Икона для Бешеного - Виктор Доценко
Шрифт:
Интервал:
Закладка:
— А чему же еще?
— Ой, как здорово, здорово! Я тоже буду колдовать, но только по–хорошему. Наколдую тебе, чтобы ты всегда был здоров и жил долго–долго.
Она начала вокруг него прыгать, как маленькая девочка вокруг новогодней елки. И когда Иван встал, попыталась обнять ее. Он ловко увернулся и объявил:
— Наше время истекло. У меня еще много разных дел. У Эльзевиры веди себя тише воды ниже травы, а то она возьмет и превратит тебя в белую мышь.
А она правда это может? — не поверила Кристина.
Иван вспомнил крупного черного кота, прыгнувшего непонятно откуда к нему на колени, пожевал тонкими губами и ответил:
— Думаю, это ей ничего не стоит, так что веди себя прилично, иди и дерзай.
В город Кристину отвез молчаливый Михаил. В ближайшие дни она собиралась писать новые стихи и ждать звонка, о котором ей сказал Иван.
Своим друзьям, которых у него было немного, Арнольд Критский, миллиардер и кандидат в Президенты России, с гордостью заявлял:
Я — человек масштабный. Я не могу довольствоваться малым. Мне подавай простор, волю, много народу, много вещей самого лучшего качества.
Все это стоит больших денег, Арноша, — осторожно говорили собеседники, выпивая за его счет. — Хватит ли у тебя капитала на удовлетворение твоих широких запросов?
Насчет запросов Арноши друзья Критского были совершенно правы. Запросы господина Критского были какими‑то ненормальными, даже с точки зрения весьма обеспеченного человека из среды новых русских.
Если Арнольд выезжал осматривать недавно прикупленный завод фосфатных удобрений, то его сопровождали не меньше двадцати человек личной охраны, собственный повар–филиппинец, псарь со сворой борзых в отдельном фургоне, пять секретарей, две стенографистки, диетолог, врач–окулист, портной с помощниками и еще несметное количество непонятного люда, которых он называл «холопами».

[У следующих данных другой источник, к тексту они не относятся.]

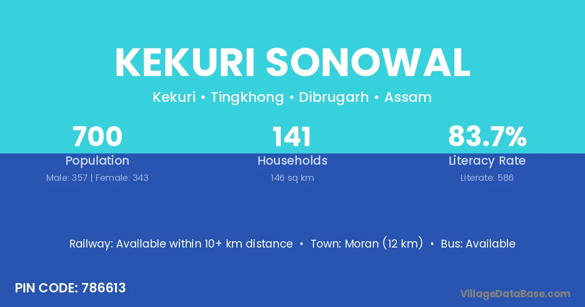 Moran (12 km) is the nearest town to Kekuri Sonowal village for major economic activities and is located approximately 12 km away.

Особая гордость Арнольда — белый конь. Его возили в отдельном лошадином трейлере в сопровождении трех конюхов, злых, как кабаны в период случки. Они ни на шаг не подпускали к драгоценному коню даже детей и жену Критского, не говоря о прочей мелкой сошке, что роилась вокруг Арнольда и его громадных капиталов.

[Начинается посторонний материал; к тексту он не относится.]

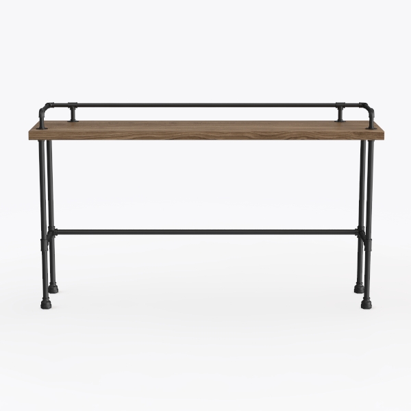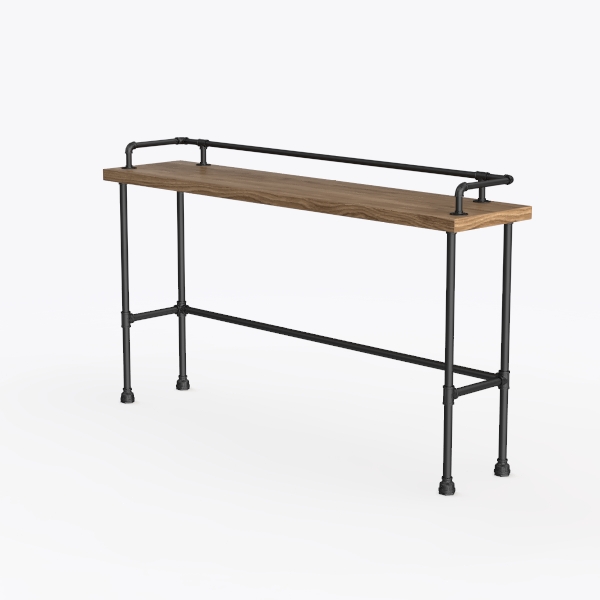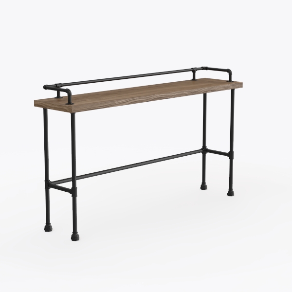 Blending industrial charm with natural warmth, the wooden top, with rich grain, offers a smooth, tactile contrast to the matte black metal frame, its angular pipes and sturdy legs exuding strength. Ideal for a modern industrial living room or cozy study, it pairs beautifully with leather sofas and vintage floor lamps, while a generous surface holds decor or books, and the stable metal base ensures lasting durability.

Конь нужен был Критскому для особого представления. При подъезде к очередному городу, в котором промышленность, местная власть и горожане принадлежали Арнольду, Критский менял кожаное сиденье «лимузина» на роскошное английское седло, пошитое лучшими шорниками английского города Бирмингема. С помощью конюхов Арнольд, проклиная выдуманный им самим ритуал, взбирался на коня и в таком виде, гордо помахивая рукой изумленным горожанам, въезжал в город.
Арноша, что ты при этом ощущаешь? — интересовались приятели, выпивая с ним в ресторане «Царская охота».

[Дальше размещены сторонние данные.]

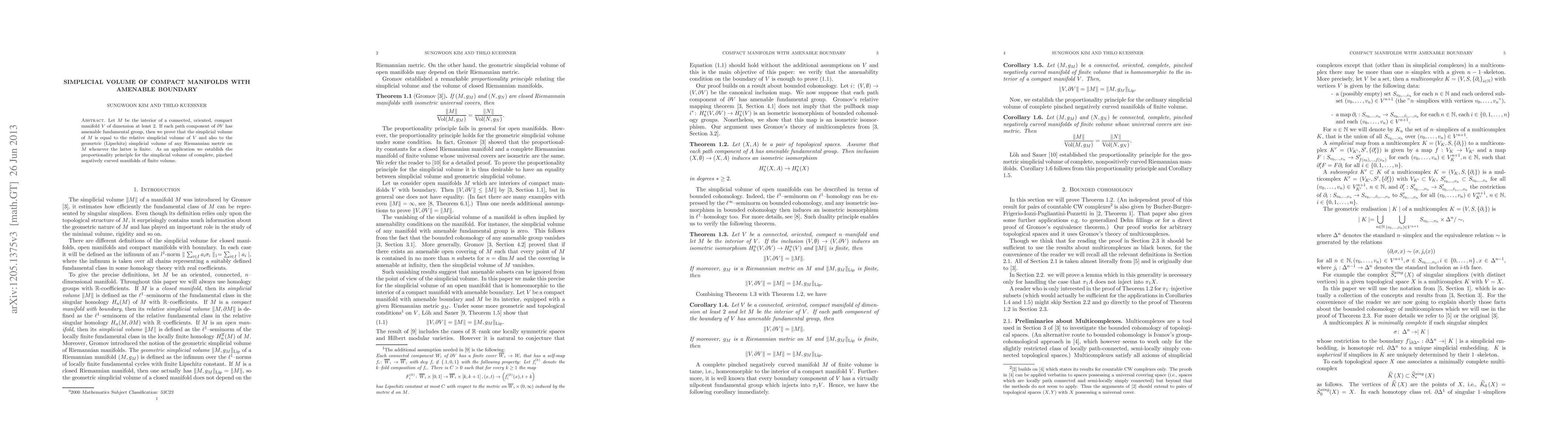 The paper establishes a detailed relationship between simplicial volumes and bounded cohomology, extending known results to manifolds with amenable boundary fundamental groups.

Я чувствую себя Наполеоном, Александром Македонским и Юлием Цезарем одновременно, — гордо отвечал Арнольд.
Вот видишь, я прав, — шептал один из приятелей на ухо другому, — он свихнулся. У него даже не раздвоение, а растроение, или, храни меня боже, расчетверение личности!
Каким бы идиотом ни казался Арнольд Критский со стороны, все окружающие были отлично осведомлены о том, что с ним лучше не связываться и над новыми привычками не следует смеяться.
Пытались тут некоторые смеяться, — зловеще поблескивая дорогими зубами, говорил Арнольд, — да теперь их косточки в подмосковных лесах под кудрявыми деревьями белеют.
В делах Критский был на удивление безжалостен, жесток и бездушен. Любого противника, попадавшегося ему на пути, он давил беспощадно. Случалось, находились отважные люди, пытавшиеся ему противостоять, но жили такие храбрецы недолго, моментально проваливаясь в неизвестность. Даже тел не находили. Критский умел прятать концы в воду.
Сегодняшнее утро Арнольда Критского мало чем отличалось от всех прочих. Разве что одним: он позволил фоторепортерам иллюстрированного журнала «Семь дней в неделю» сделать цветной репортаж о его доме и семье. А также милостиво согласился дать короткое интервью о том, как зарождалась финансовопромышленная империя, которую миллиардер не без юмора именовал «Арнольд Критский без партнеров».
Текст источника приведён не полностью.